Regulation of Nox and Duox enzymatic activity and expression

Abstract

In recent years, it has become clear that reactive oxygen species (ROS, which include superoxide, hydrogen peroxide, and other metabolites) are produced in biological systems. Rather than being simply a by-product of aerobic metabolism, it is now recognized that specific enzymes--the Nox (NADPH oxidase) and Duox (Dual oxidase) enzymes--seem to have the sole function of generating ROS in a carefully regulated manner, and key roles in signal transduction, immune function, hormone biosynthesis, and other normal biological functions are being uncovered. The prototypical Nox is the respiratory burst oxidase or phagocyte oxidase, which generates large amounts of superoxide and other reactive species in the phagosomes of neutrophils and macrophages, playing a central role in innate immunity by killing microbes. This enzyme system has been extensively studied over the past two decades, and provides a basis for comparison with the more recently described Nox and Duox enzymes, which generate ROS in a variety of cells and tissues. This review first considers the structure and regulation of the respiratory burst oxidase, and then reviews recent studies relating to the regulation of the activity of the novel Nox/Duox enzymes. The regulation of Nox and Duox expression in tissues and by specific stimuli is also considered here. An accompanying review considers biological and pathological roles of the Nox family of enzymes.

Fig. 1. Schematic Structure of Nox2 and p22^phox

Indicated are Nox2 and p22^phox, with predicted α-helical transmembrane regions depicted as cylinders, with the cytosol-facing B loop connecting helices 2 and 3, and hemes indicated in red, with conserved histidine residues in helices 3 and 5 providing axial and distal ligands to the heme irons (red circles). Helix 6 is connected to the predicted globular flavoprotein domain containing flavin adenine nucleotide (FAD) and the NADPH binding site, located on the cytosolic side. Nox2 is associated in the membrane with p22^phox, which has 2 predicted α-helical transmembrane segments and whose C-terminus contains a proline-rich region (PRR) which is the target for binding by the bis-SH3 domain of p47^phox.

Fig. 2. Regulatory Subunits for Nox2

Indicated are domains of the cytosolic factors required for Nox2 activation along with arrows indicating the domains or components with which they interact. Abbreviations are: AD, activation domain; TPR, tetratricopeptide repeats; SH3, Src Homology 3 domain; bis-SH3 refers to the tandem SH3 domains that function as a single domain; PX, ^phox domain; PB1, a domain originally described in p47^phox and Bem1p; AIR, autoinhibitory region.

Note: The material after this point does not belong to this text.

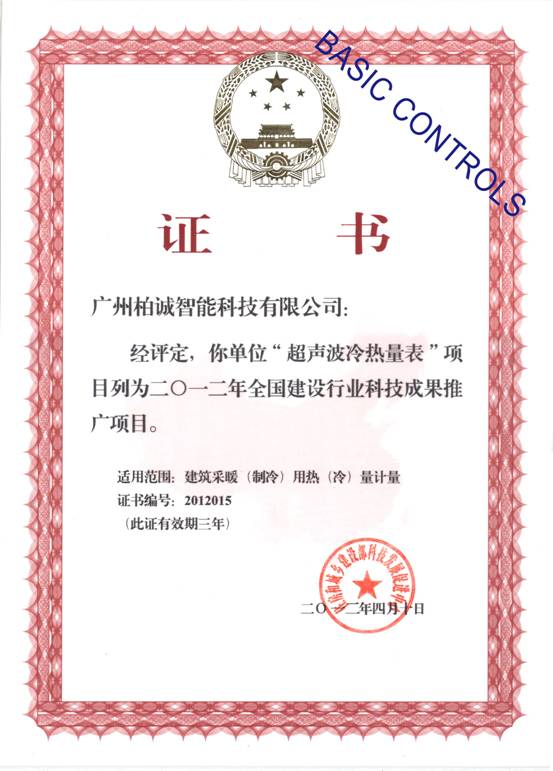 2012年4月10日作為柏誠智能我國南方唯一一家生產(chǎn)冷熱能表企業(yè)捷報(bào)喜傳,制造生產(chǎn)“UHM超聲波冷熱能表”經(jīng)過國家住建部組織專家評(píng)審、審核,今天正式獲得國家住建部《2012年全國建筑行業(yè)科技成果推廣項(xiàng)目證書》證書。
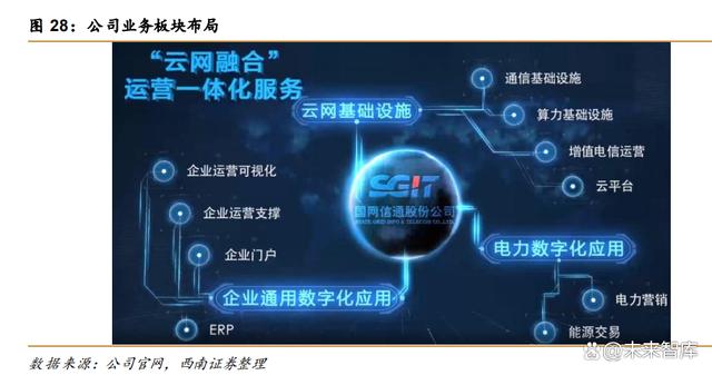 背靠國(guó)家電網(wǎng),通過(guò)重組實(shí)現(xiàn)產(chǎn)業(yè)轉(zhuǎn)型升級(jí)。公司前身為岷江水電,2019 年完成了重 大資產(chǎn)重組,重組后公司實(shí)現(xiàn)了由發(fā)供電業(yè)務(wù)轉(zhuǎn)型為信息通信業(yè)務(wù),重點(diǎn)立足能源領(lǐng)域,形 成云網(wǎng)基礎(chǔ)設(shè)施、云平臺(tái)、云應(yīng)用和企業(yè)運(yùn)營(yíng)支撐服務(wù)四大板塊業(yè)務(wù),具備了“云網(wǎng)融合” 全產(chǎn)業(yè)研發(fā)和生產(chǎn)服務(wù)能力,助力能源互聯(lián)網(wǎng)建設(shè)和企業(yè)數(shù)字化轉(zhuǎn)型。2020 年,為適應(yīng)新 形勢(shì),公司對(duì)原有四大板塊業(yè)務(wù)進(jìn)行優(yōu)化調(diào)整,升級(jí)為云網(wǎng)基礎(chǔ)設(shè)施、企業(yè)通用數(shù)字化應(yīng)用 和電力數(shù)字化應(yīng)用等三大板塊業(yè)務(wù)。

Fig. 3. Regulatory Subunits for Nox1

Indicated are domains of the regulatory factors required for Nox1 activation along with arrows indicating the domains or components with which they interact. Abbreviations are as in Fig. 2.

Fig. 4. Promoter regions of human Nox1 and Nox2

Shown are schematic drawings of promoter regions of human Nox1 and Nox2. White letters in a filled circle indicate the region identified as regulating responsible gene expression. Black letters in an open circle indicate the region containing a consensus sequence for a given transcription factor. Boxes indicate transcription factors. The abbreviations of responsive element in promoter regions are: IRSE, IFN-γ-responsive stimulated elements; GAS, γ-activated sequence; C/ERB, CCAAT/enhancer binding protein; CDX, caudal-related homeobox; HAF-1, hematopoietic-associated factor 1; CCAAT, CCAAT box binding, BID, binding increased during differentiation.